- Task to complete
Transcribe every entry word for word, leaving out all images.

[Records drawn from a dataset]
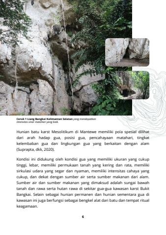 6Hunian batu karst Mesolitikum di Mantewe memiliki pola spesial dilihatdari arah hadap gua, posisi gua, pencahayaan matahari, tingkatkelembaban gua dan lingkungan gua yang berkaitan dengan alam(Suprapta, dkk, 2020).Kondisi ini didukung oleh kondisi gua yang memiliki ukuran yang cukuptinggi, lebar, memiliki permukaan tanah yang kering dan rata, memilikisirkulasi udara yang segar dan nyaman, memiliki intensitas cahaya yangcukup, dan dekat dengan sumber air serta sumber makanan dari alam.Sumber air dan sumber makanan yang dimaksud adalah sungai bawahtanah dan rawa serta hutan rawa di sekitar gua-gua kawasan karst BukitBangkai. Selain sebagai hunian permanen dan hunian sementara gua dikawasan ini juga berfungsi sebagai bengkel alat dari batu dan tempat ritualkeagamaan.Ceruk 1 Liang Bangkai Kalimantan Selatan yang mendapatkanintensitas sinar matahari yang baik.
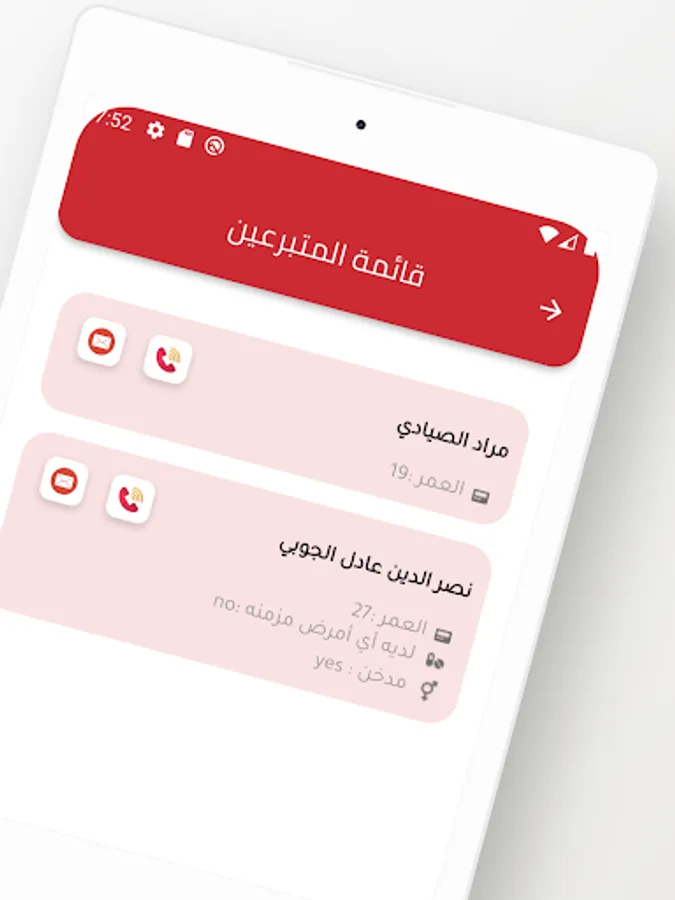 The blood application is a free electronic application through which the user can search for donors of the same type and who are near the blood searcher geographically and seeks to reduce the gap between the donor and the researcher by communicating with donors easily (by calling or SMS messages). Through the application, you can easily add donor data from blood type and from any region. The application is characterized by a distinctive icon for ease of opening and use, and a simple and uncomplicated interface consisting of two parts: a section for the blood type searcher and a section for those willing to donate.
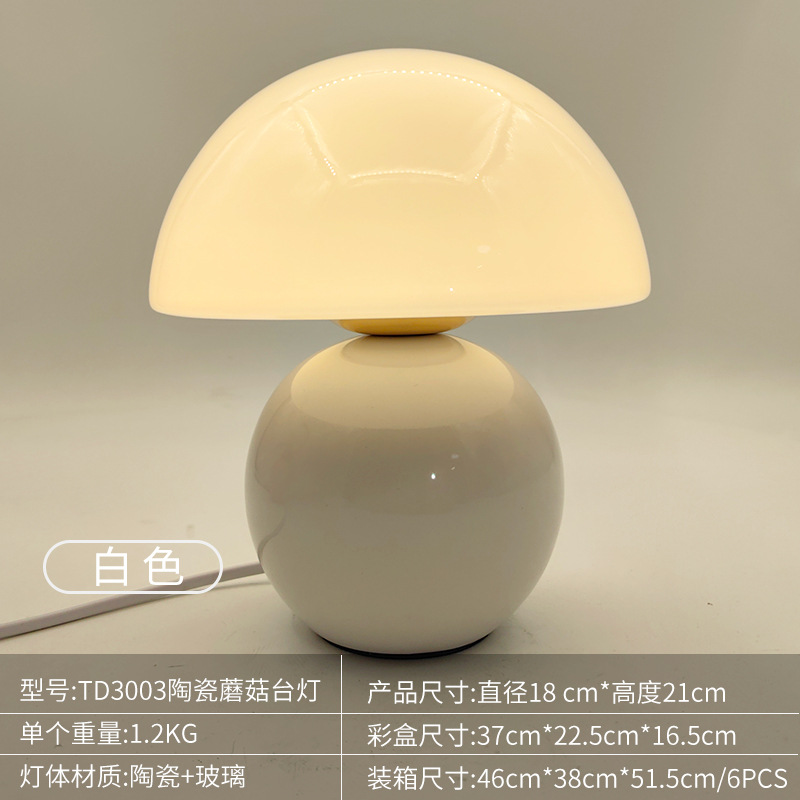 맞춤형 북유럽 크림 세라믹 버섯 테이블 램프 국경 간 장식 침대 옆 램프 고급 침실 창조적 인 분위기 야간 조명
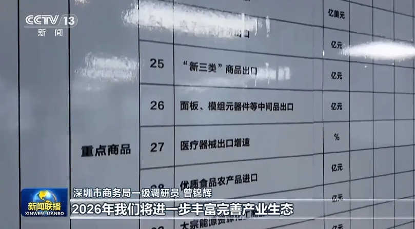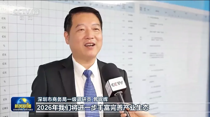 深圳市商务局一级调研员 曾锦辉:2026年我们将进一步丰富完善产业生态,以“造高端”持续巩固“卖全球”优势,出口商品向新、向绿、向智发展,发展壮大外贸增长的新动能。
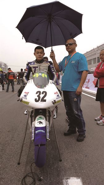 北京的清晨總有著不小的霧霾,星期天的氣溫比起前一天又降了一些,莊安育雖然憑藉著過硬的技術在前一天的Race1中勝出,但畢竟對於金港賽道的特性不是那麼熟悉。在星期天上午的Warm Up中小莊就因為賽道溫度過低不慎發生轉倒,雖然經過車隊的緊急搶修賽車並無大礙,但也因此讓莊安育對CRRC這樣的全國性賽事重新產生了更高的警惕。
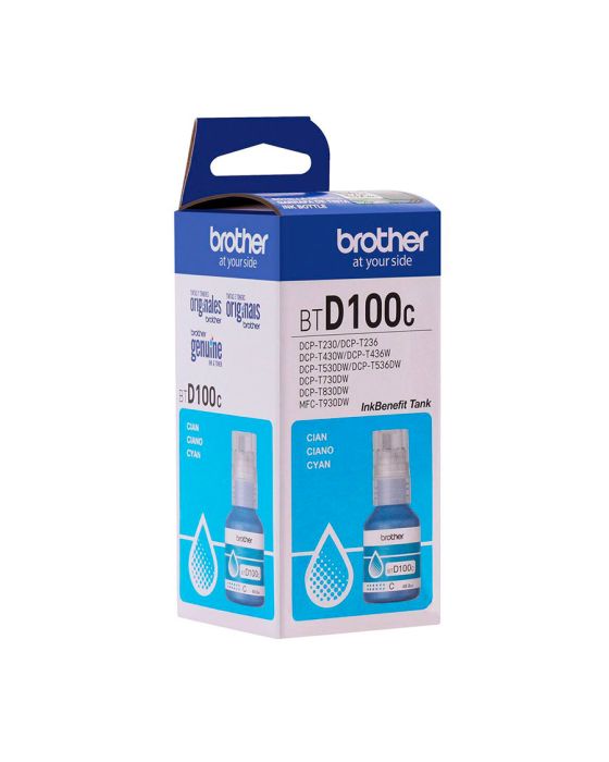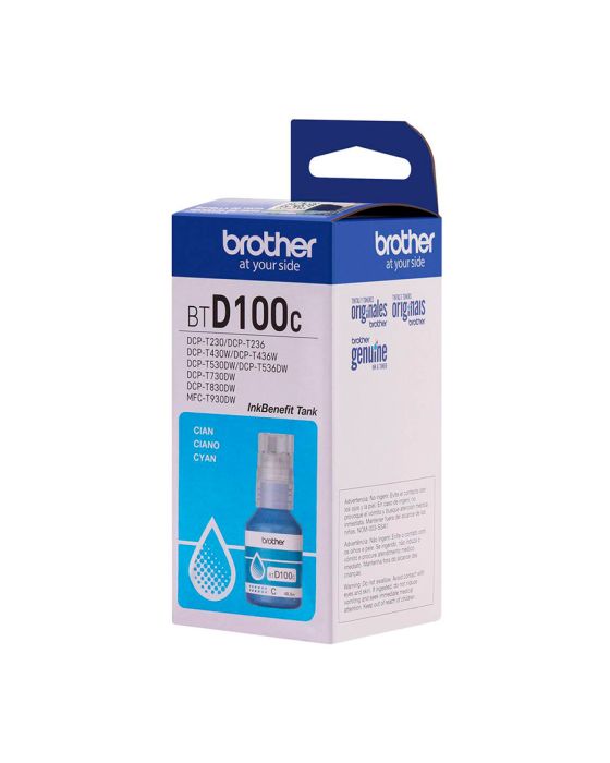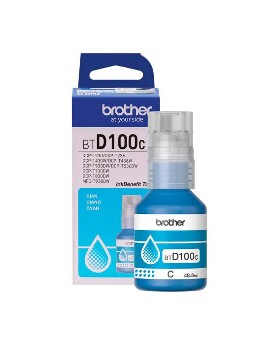 Características:A garrafa de tinta ciano de ultra rendimento da Brother para a linha InkBenefit Tank, oferece cores ricas e vibrantes para impressão de alta qualidade. As novas garrafas de tinta anti-derramamento reabastecem rapidamente o tanque em apenas alguns segundos.Detalhes:- Marca: Brother;- Referência: BTD100C;- Linha: Cartuchos;- Tipo: Tinta;- Cor: Ciano;- Volume cartucho: 48,8ml;- Contém: 1 unidade do produto;- Tecnologia de impressão: Jato de Tinta;- Rendimento: Aproximadamente 5.000 páginas;- Produto Original.Fabricado no Japão. | Validade: Indeterminada sob uso regular.Impressoras Compatíveis:- Modelos impressoras multifuncionais da linha InkBenefit Tank: DCP-T230/DCP-T236, DCP-T430W/DCP-T436W, DCP-T530DW/DCP-T536DW, DCP-T730DW, DCP-T830DW e MFCT930DW.Recomendações:- Para obter uma melhor qualidade de impressão e manter vida útil do seu equipamento, recomendamos o uso dos suprimentos originais Brother;- Esta garrafa de tinta foi projetada de forma inteligente para trabalhar em perfeita harmonia com a impressora Brother InkBenefit Tank, proporcionando resultados de alta qualidade e desempenho confiável;- Os suprimentos originais da Brother produzem impressões nítidas que podem resistir ao teste de tempo.Medidas:- Dimensões embalagem: 4,7 x 4,9 x 10,2cm (CxLxA).Descarte de Cartuchos e Toners:- Você pode fazer o descarte com ajuda do ReCiclo, um projeto da Contabilista através da Contabilista Responsável, basta enviar os seus resíduos para a nossa Central de Distribuição*, se você é de Curitiba ou de Joinville, pode ir até uma de nossas lojas ou preencher o formulário disponível no site para solicitar retirada de materiais.Acesse o Link para verificar as marcas que reciclamos e nossos endereços: https://www.contabilistaresponsavel.com.br/reciclo.* Enviar conteúdo aos cuidados do Setor de Reciclagem.** Atenção: Cartuchos e Toners compatíveis não entram no descarte do ReCiclo, apenas suprimentos originais de nossos parceiros (confira a lista no link acima).*** Caso a Contabilista receba cartuchos e toners de outras marcas, não poderemos nos responsabilizar pela reciclagem e devolveremos ao remetente.**** Peso máximo para coleta: 10 kg.Conteúdo da embalagem: 1 Cartucho de Tinta Ciano Brother.Garantia do fornecedor: 90 dias de garantia limitada.* As especificações podem ser alteradas sem aviso prévio ** Imagem meramente ilustrativas
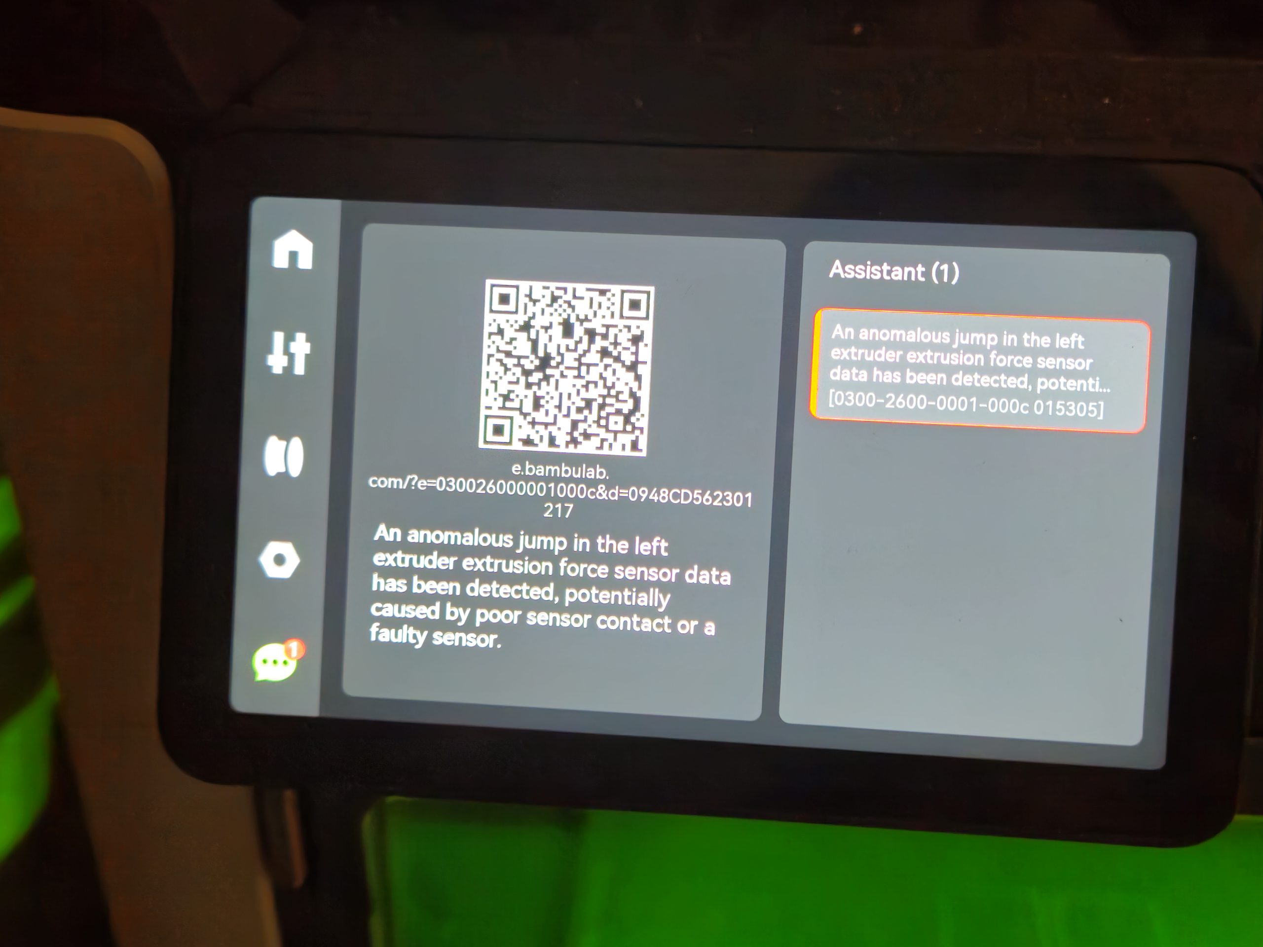All known faults identified by the printer have a corresponding error code and QR code that goes to Bambu Lab's wiki to minimize the guesswork of troubleshooting.
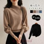 ニットセーター ニットトップス レディース 秋冬 40代 長袖トップス パフスリーブ 無地ニットインナー ニットソー プルオーバー ゆったり 大人 オシャレ
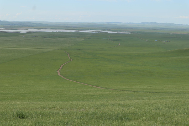 寻龙决影视基地在路的旁边,牌子不大,一不小心就错过去了。沿着车辙一路向草原深处开去,爬上一个山坡,豁然开朗,导演的眼光不比常人。
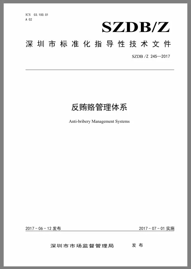 在英國倡導下,國際標準化組織于2013年成立了反賄賂項目委員會,著手研制反賄賂管理體系國際標準,中國為參與成員國,在中央紀委國際合作局的牽頭組織下,深圳市參與了國際標準的研制。2016年10月,ISO37001《反賄賂管理體系要求及使用指南》正式發布。
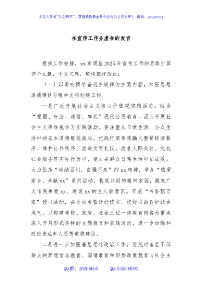 / 在宣传工作务虚会的发言
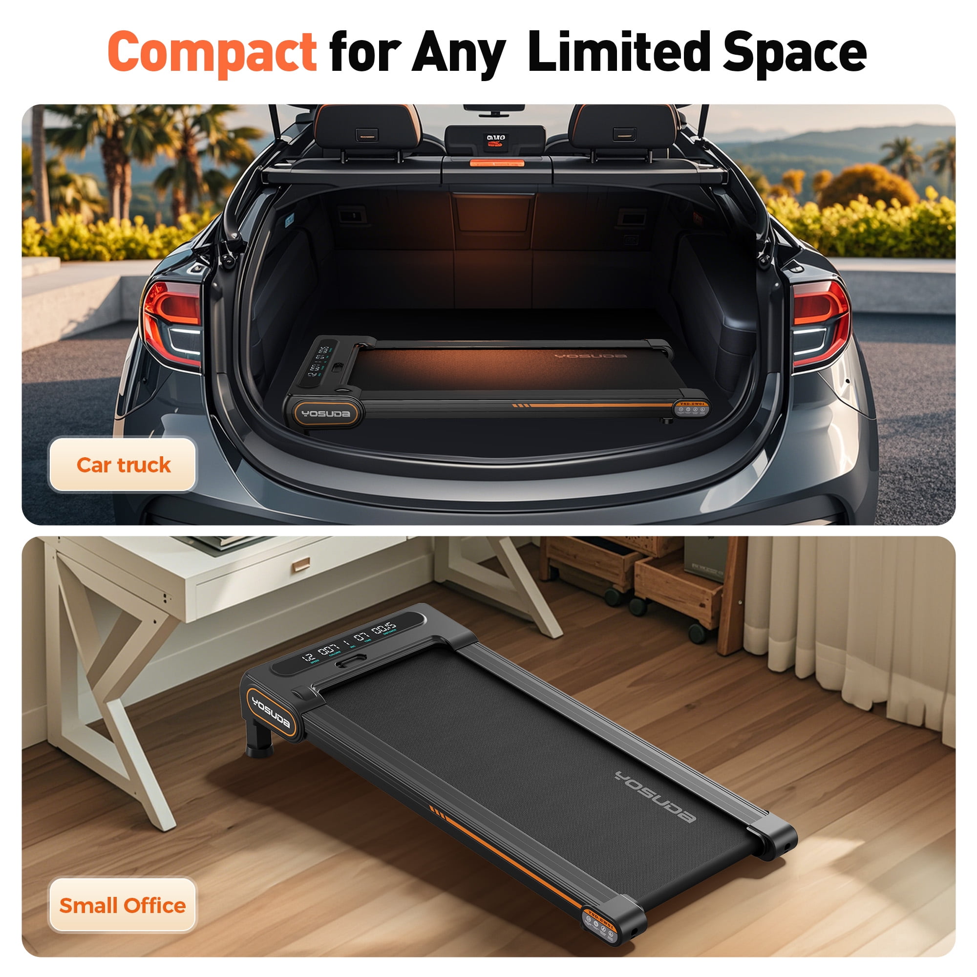 【Silent Efficiency】Experience the silent power of our walking pad treadmills, equipped with an advanced 2.5HP motor. Smooth and quiet, they ensure your work or online meetings remain undisturbed while you stay active. 【Robust and Comfy】Our under desk treadmill, made with premium polymers and steel, supports 350LBS effortlessly. Its 42.5″ X 16.9″ belt with 6-layer belt provides excellent knee protection and a freely walking workout. 【Enhanced Visibility】With larger LED screen, our walking pad ensures easy reading of your fitness data. See all your stats at once, without the hassle of switching screens, for a streamlined workout. 【Seamless Workout Pause】Pause your session anytime without losing your stride. Our treadmills remember your progress, ready to resume right where you stopped. Note: Data resets to zero once turn the walking pad off. 【Customer-Centric】Our commitment to you: a month for returns, free walking treadmill replacement parts for two years, and 24/7 support. Your satisfaction is our priority.

- Task result
 6Hunian batu karst Mesolitikum di Mantewe memiliki pola spesial dilihatdari arah hadap gua, posisi gua, pencahayaan matahari, tingkatkelembaban gua dan lingkungan gua yang berkaitan dengan alam(Suprapta, dkk, 2020).Kondisi ini didukung oleh kondisi gua yang memiliki ukuran yang cukuptinggi, lebar, memiliki permukaan tanah yang kering dan rata, memilikisirkulasi udara yang segar dan nyaman, memiliki intensitas cahaya yangcukup, dan dekat dengan sumber air serta sumber makanan dari alam.Sumber air dan sumber makanan yang dimaksud adalah sungai bawahtanah dan rawa serta hutan rawa di sekitar gua-gua kawasan karst BukitBangkai. Selain sebagai hunian permanen dan hunian sementara gua dikawasan ini juga berfungsi sebagai bengkel alat dari batu dan tempat ritualkeagamaan.Ceruk 1 Liang Bangkai Kalimantan Selatan yang mendapatkanintensitas sinar matahari yang baik.
 The blood application is a free electronic application through which the user can search for donors of the same type and who are near the blood searcher geographically and seeks to reduce the gap between the donor and the researcher by communicating with donors easily (by calling or SMS messages). Through the application, you can easily add donor data from blood type and from any region. The application is characterized by a distinctive icon for ease of opening and use, and a simple and uncomplicated interface consisting of two parts: a section for the blood type searcher and a section for those willing to donate.
 맞춤형 북유럽 크림 세라믹 버섯 테이블 램프 국경 간 장식 침대 옆 램프 고급 침실 창조적 인 분위기 야간 조명
 深圳市商务局一级调研员 曾锦辉:2026年我们将进一步丰富完善产业生态,以“造高端”持续巩固“卖全球”优势,出口商品向新、向绿、向智发展,发展壮大外贸增长的新动能。
 北京的清晨總有著不小的霧霾,星期天的氣溫比起前一天又降了一些,莊安育雖然憑藉著過硬的技術在前一天的Race1中勝出,但畢竟對於金港賽道的特性不是那麼熟悉。在星期天上午的Warm Up中小莊就因為賽道溫度過低不慎發生轉倒,雖然經過車隊的緊急搶修賽車並無大礙,但也因此讓莊安育對CRRC這樣的全國性賽事重新產生了更高的警惕。
 Características:A garrafa de tinta ciano de ultra rendimento da Brother para a linha InkBenefit Tank, oferece cores ricas e vibrantes para impressão de alta qualidade. As novas garrafas de tinta anti-derramamento reabastecem rapidamente o tanque em apenas alguns segundos.Detalhes:- Marca: Brother;- Referência: BTD100C;- Linha: Cartuchos;- Tipo: Tinta;- Cor: Ciano;- Volume cartucho: 48,8ml;- Contém: 1 unidade do produto;- Tecnologia de impressão: Jato de Tinta;- Rendimento: Aproximadamente 5.000 páginas;- Produto Original.Fabricado no Japão. | Validade: Indeterminada sob uso regular.Impressoras Compatíveis:- Modelos impressoras multifuncionais da linha InkBenefit Tank: DCP-T230/DCP-T236, DCP-T430W/DCP-T436W, DCP-T530DW/DCP-T536DW, DCP-T730DW, DCP-T830DW e MFCT930DW.Recomendações:- Para obter uma melhor qualidade de impressão e manter vida útil do seu equipamento, recomendamos o uso dos suprimentos originais Brother;- Esta garrafa de tinta foi projetada de forma inteligente para trabalhar em perfeita harmonia com a impressora Brother InkBenefit Tank, proporcionando resultados de alta qualidade e desempenho confiável;- Os suprimentos originais da Brother produzem impressões nítidas que podem resistir ao teste de tempo.Medidas:- Dimensões embalagem: 4,7 x 4,9 x 10,2cm (CxLxA).Descarte de Cartuchos e Toners:- Você pode fazer o descarte com ajuda do ReCiclo, um projeto da Contabilista através da Contabilista Responsável, basta enviar os seus resíduos para a nossa Central de Distribuição*, se você é de Curitiba ou de Joinville, pode ir até uma de nossas lojas ou preencher o formulário disponível no site para solicitar retirada de materiais.Acesse o Link para verificar as marcas que reciclamos e nossos endereços: https://www.contabilistaresponsavel.com.br/reciclo.* Enviar conteúdo aos cuidados do Setor de Reciclagem.** Atenção: Cartuchos e Toners compatíveis não entram no descarte do ReCiclo, apenas suprimentos originais de nossos parceiros (confira a lista no link acima).*** Caso a Contabilista receba cartuchos e toners de outras marcas, não poderemos nos responsabilizar pela reciclagem e devolveremos ao remetente.**** Peso máximo para coleta: 10 kg.Conteúdo da embalagem: 1 Cartucho de Tinta Ciano Brother.Garantia do fornecedor: 90 dias de garantia limitada.* As especificações podem ser alteradas sem aviso prévio ** Imagem meramente ilustrativas
All known faults identified by the printer have a corresponding error code and QR code that goes to Bambu Lab's wiki to minimize the guesswork of troubleshooting.
 ニットセーター ニットトップス レディース 秋冬 40代 長袖トップス パフスリーブ 無地ニットインナー ニットソー プルオーバー ゆったり 大人 オシャレ
 寻龙决影视基地在路的旁边,牌子不大,一不小心就错过去了。沿着车辙一路向草原深处开去,爬上一个山坡,豁然开朗,导演的眼光不比常人。
 在英國倡導下,國際標準化組織于2013年成立了反賄賂項目委員會,著手研制反賄賂管理體系國際標準,中國為參與成員國,在中央紀委國際合作局的牽頭組織下,深圳市參與了國際標準的研制。2016年10月,ISO37001《反賄賂管理體系要求及使用指南》正式發布。
 / 在宣传工作务虚会的发言
 【Silent Efficiency】Experience the silent power of our walking pad treadmills, equipped with an advanced 2.5HP motor. Smooth and quiet, they ensure your work or online meetings remain undisturbed while you stay active. 【Robust and Comfy】Our under desk treadmill, made with premium polymers and steel, supports 350LBS effortlessly. Its 42.5″ X 16.9″ belt with 6-layer belt provides excellent knee protection and a freely walking workout. 【Enhanced Visibility】With larger LED screen, our walking pad ensures easy reading of your fitness data. See all your stats at once, without the hassle of switching screens, for a streamlined workout. 【Seamless Workout Pause】Pause your session anytime without losing your stride. Our treadmills remember your progress, ready to resume right where you stopped. Note: Data resets to zero once turn the walking pad off. 【Customer-Centric】Our commitment to you: a month for returns, free walking treadmill replacement parts for two years, and 24/7 support. Your satisfaction is our priority.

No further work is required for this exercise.